Halloween marked a fitting night for Architecture in Helsinki to arrive at Eugene’s WOW Hall. With its genre-evading, zany style of pop and energetic displays, the holiday atmosphere proved a perfect platform for the indie deviants.
The opening act, The Jason Webley Quartet, soon clicked with the excitable, inebriated crowd. Lead singer Jason played the first part of the set without his backing band, but still had the audience obeying his every order. Before long he had fans spinning in circles, putting their arms around people next to them and dancing to the band’s alternative take on folk rock. Renditions of pop songs including Michael Jackson’s “Thriller” made the little-known Seattle-based band’s set ring with an air of familiarity.
After meticulous preparation of an impressive arsenal of instruments, Architecture was ready to jazz, raggae, rock and pop things up. With a flamboyant on-stage presence that matched an audacious musical style, Architecture in Helsinki reeled through much material climaxing with its latest single, “Heart it Races.” Mixing electro samples, rap, traditional rock melodies and even jungle-infused beats, Architecture in Helsinki brought a sound never heard before to the concert hall.

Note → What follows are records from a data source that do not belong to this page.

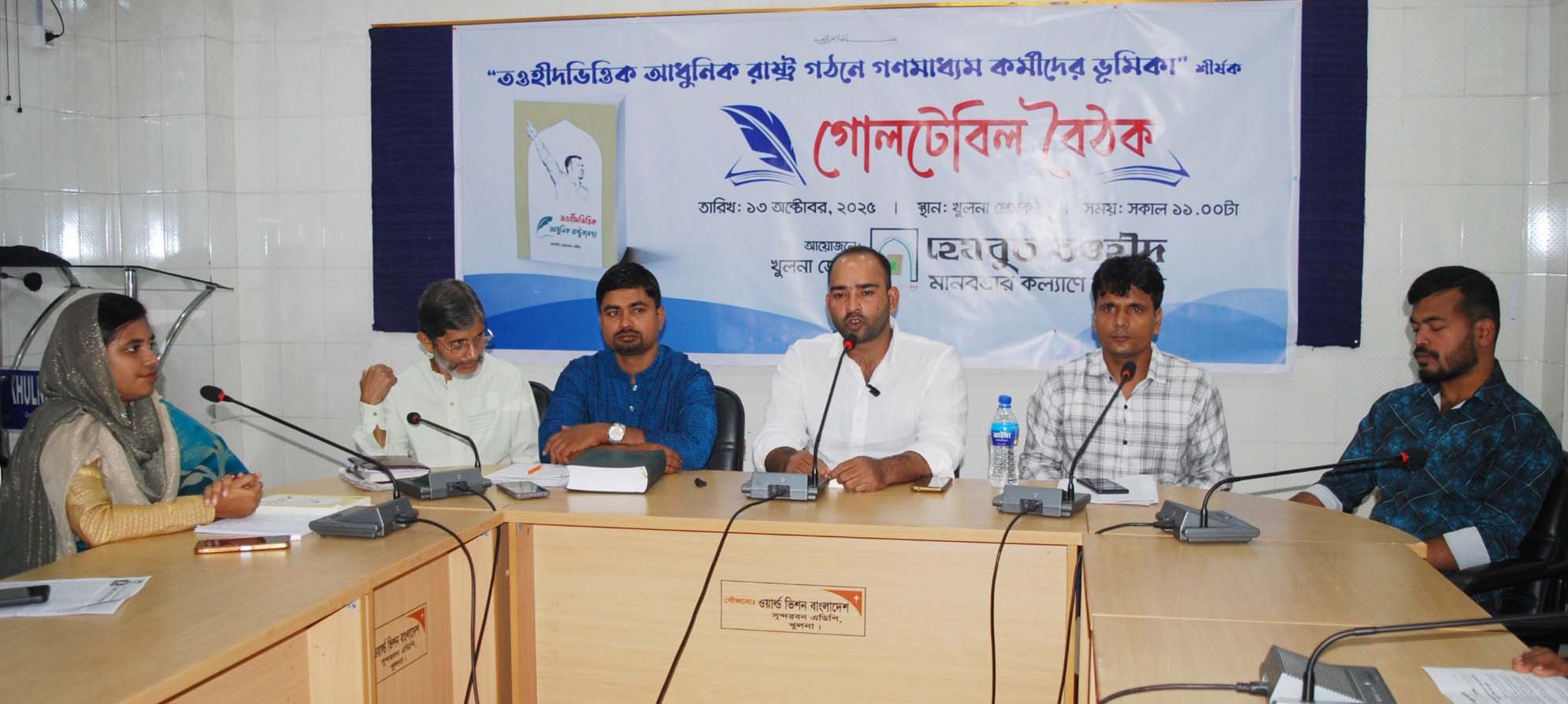 খুলনায় ‘তওহীদভিত্তিক আধুনিক রাষ্ট্র গঠনে গণমাধ্যম কর্মীদের ভূমিকা’ শীর্ষক গোল টেবিল বৈঠক অনুষ্ঠিত
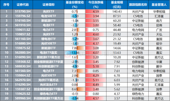 注:基金规模居前的电力设备系ETF近3日份额变动情况(基金份额、规模截至11月4日,其余数据截至11月5日)
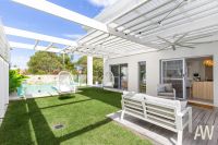 The home comprises three well-appointed bedrooms. The main bedroom includes a large ensuite and air conditioning, while the two additional bedrooms are separated by a two-way bathroom, providing a convenient layout for families. Guests can utilise the separate powder room, ensuring a level of privacy is maintained.
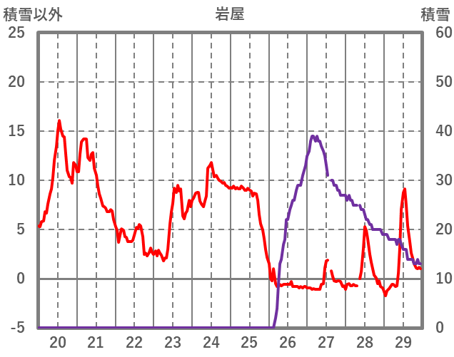 | 日 | 時 | 気温 | 降水 | 風向/風速 | 日照 | 積雪 | 降雪 |
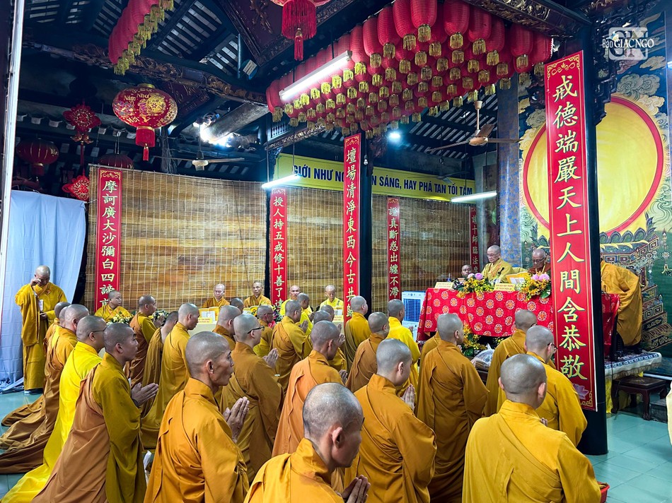 GNO - Chiều 5-4 và sáng 6-4, Ban Kiến đàn đã trang nghiêm cung thỉnh Hội đồng Giới sư quang lâm giới trường chùa Phước Hưng (dành cho Tăng), chùa Phước Huệ (dành cho Ni) tấn đàn truyền giới cho các giới tử.
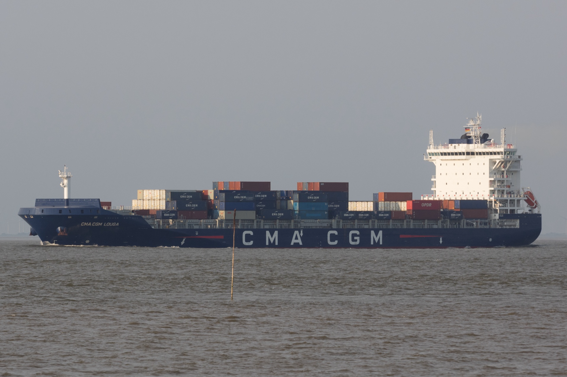 Containerschiff elbabwärts vor Cuxhaven-Altenbruch am 05.06.2019
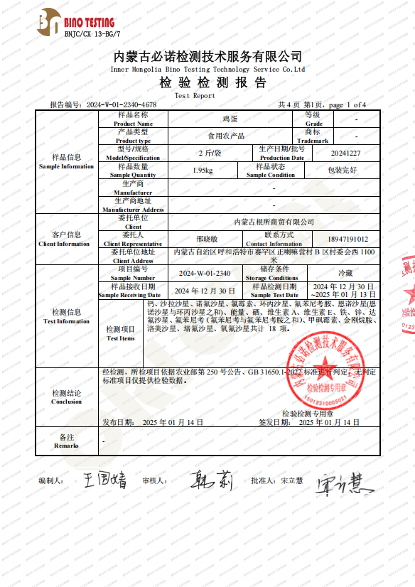 雞蛋檢驗(yàn)檢測報(bào)告

Although Architecture in Helsinki is based in Australia, lead singer Cameron Bird lived in Portland for a year, where he came up with much of the material featured on the band’s first album, “Fingers Crossed.”
Cameron must have felt quite at home, then, as he and the rest of the six-person band worked the audience using a brilliant array of instruments ranging from electronic synthesizers to tubas and guitars.
With hundreds of people joined together in a sea of random Halloween costumes, hearing Cameron Bird unleash his unruly rapping skills over the tropically rooted, brass-inflected pop jig of “Debbie” never felt more right. With no effort, the band slid gracefully through musical genres from the subdued melodies of folk pop “What’s in Store?” to the jazz infused rap of “Hold Music.”
But for a band with so many styles under its belt, it may be difficult to make these styles work in harmony with one another. No such problem for the Australian art rockers; however, its new sounds of electronica overlap the classic sounds of jazz with finesse.
Even with such variety of threadwork running through the band’s construct, the sound is fantastically accessible and impossibly danceable. The members of Architecture are true performers. Multi-skilled and richly influenced, they don’t allow for their experimental edge to supersede their wonderfully fun pop sound.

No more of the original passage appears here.